In the present case, as has been noted, the premium for the double indemnity coverage, $10.00, was separate and distinct from, and in addition to, that charged for the normal coverage, $367.00. Although by the terms of the policy the double indemnity coverage was to expire in 1947, when the insured became sixty-five, the undisputed fact that appellant continued for sixteen years thereafter to bill him for such coverage, and to collect and retain it, in our opinion furnished sound and adequate basis for the three elements of estoppel — ignorance, misleading, and reliance — before mentioned. The fourth element, prejudicial change of position, is also present. For not only did the insured expend the amount of such premium, in response to the erroneous billing, during each of the sixteen years between 1947 and 1963, but the insurer's claim for relief from the consequences of its error comes not until after the death of the insured and therefore, we think, too late. Cf. Privette v. Garrison, 235 S.C. 119, 110 S.E.2d 17, where the equitable doctrine of laches was held applicable as a bar to the assertion of a right by one party to a transaction against those claiming under the other party, then deceased.

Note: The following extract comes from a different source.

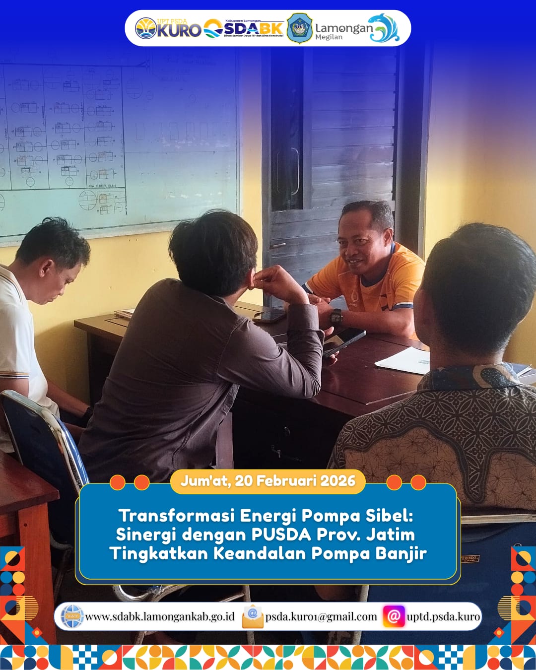 UPTD PSDA Kuro bersama Pusda Provinsi Jawa Timur melakukan langkah transformasi energi pada Pompa Sibel sebagai upaya meningkatkan keandalan sistem pengendalian banjir. Transformasi ini menjadi bagian dari komitmen dalam menghadirkan operasional pompa yang lebih efisien, responsif, dan berkelanjutan.

We need not, and do not, decide whether the rule of non-waiver is applicable in the present case, for we think that under the facts apparent in the record here the insurer is estopped to deny the coverage in question. The issue of estoppel was before the Court; it was one of law, the essential facts being undisputed; and the result reached was the just and correct one. Affirmance in that result is proper in such case under Section 8 of Rule 4 of this Court. Colonial Life & Accident Ins. Co. v. South Carolina Tax Commission, 233 S.C. 129, 103 S.E.2d 908; South Carolina National Bank v. Florence Sporting Goods, Inc., 241 S.C. 110, 127 S.E.2d 199.
Affirmed in result.
MOSS, Acting C.J., and LEWIS, BUSSEY and BRAILSFORD, JJ., concur.